That won't work for me at all when I have some idea how to do it all myself. So, what is the problem? I need to capture and preserve a website everyday. I want to provide the best material to a researcher. I want to keep a fine eye on preservation, but not be a digital pack rat, and need to constantly keep the librarian and archivist in me pleased, which is always seems to the Item vs. collection debate and which of those gets the most attention.

http://ruebot.net/files/OR2013-4.jpg

How easy is it to grab a website? Pretty damn easy if you're using at least wget 1.14 which has warc support.

http://ruebot.net/files/OR2013-5.jpg

How many people here know what a warc is? Warc stands for web archive. It is an iso standard. It is basically a file -- that can get massive very quickly -- that aggregates raw resources you request into a single file along with crawl metadata, checksums. PROVENANCE!

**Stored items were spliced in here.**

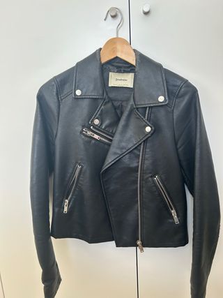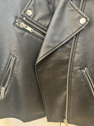 Cazadora estilo biker de Stradivarius. - Diseño asimétrico con cremalleras. - Cuello solapa con botones. - Puños con cremallera. Un poco desgastada, de ahí su precio
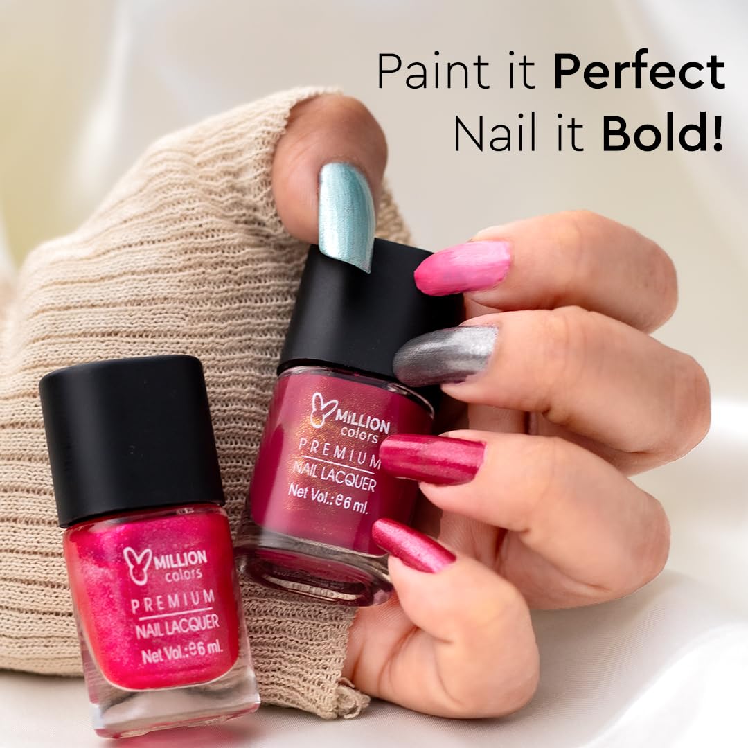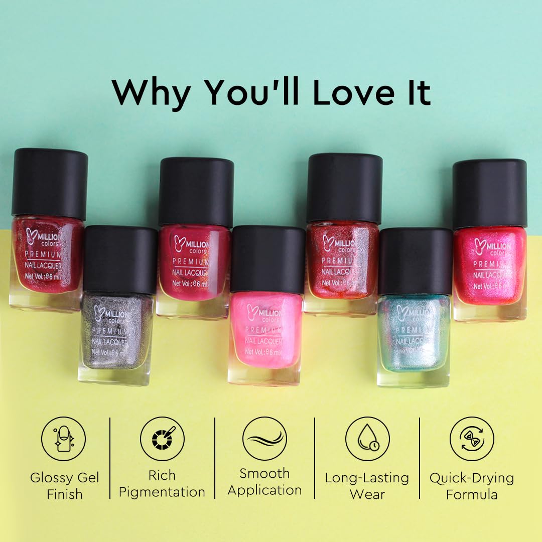 Long-Lasting Nail Polish – Million Colors nail polish combo that seals and locks the color to extend its wear & shine for up to 6 days on your nails.
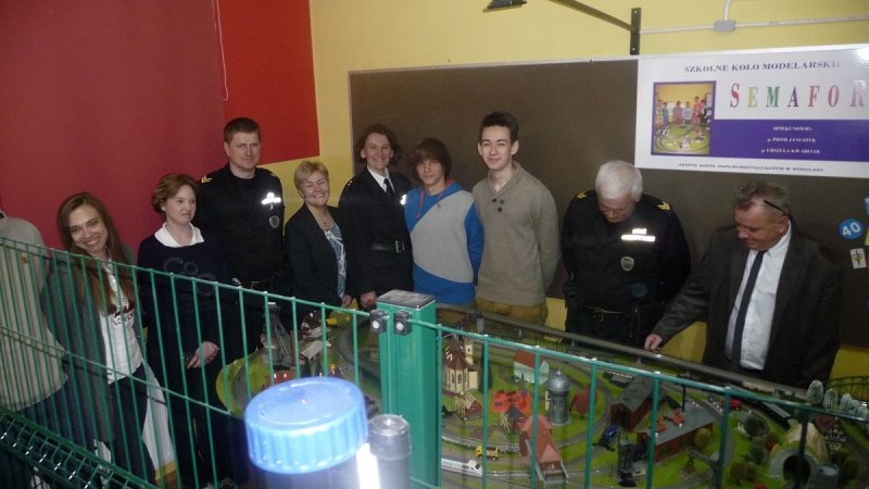 Po spotkaniu członkowie Koła Modelarskiego „SEMAFOR” działającego w naszej szkole zaprezentowali naszym gościom makietę kolejową, którą budują i rozbudowywują już drugi rok. Makieta wzbudziła bardzo duże zainteresowanie na przedstawicielach Urzędu Transportu Kolejowego i Straży Ochrony Kolei.

This is what the beginning of a warc file looks like.

http://ruebot.net/files/OR2013-6.jpg

This is what the beginning of a warc file looks like.

http://ruebot.net/files/OR2013-7.jpg

And here is a selection from the arctual archive portion. That is my brief crash course on warc. We can talk about it more later if you have questions. I need to keep moving along.

http://ruebot.net/files/OR2013-8.jpg

So, warcs are a little weird to deal with on their own. You can disseminate them with Wayback Machine, and I assume nobody but a few people on this planet want to see a page full of just warc files. Building something browsable takes a little bit more work. So, I decided to snag a pdf and screenshot of the page of frontpage of the site that I am grabbing with wkhtmltopdf and wkhtmltoimage. Then I toss this all in a single bash script, and give it to cron.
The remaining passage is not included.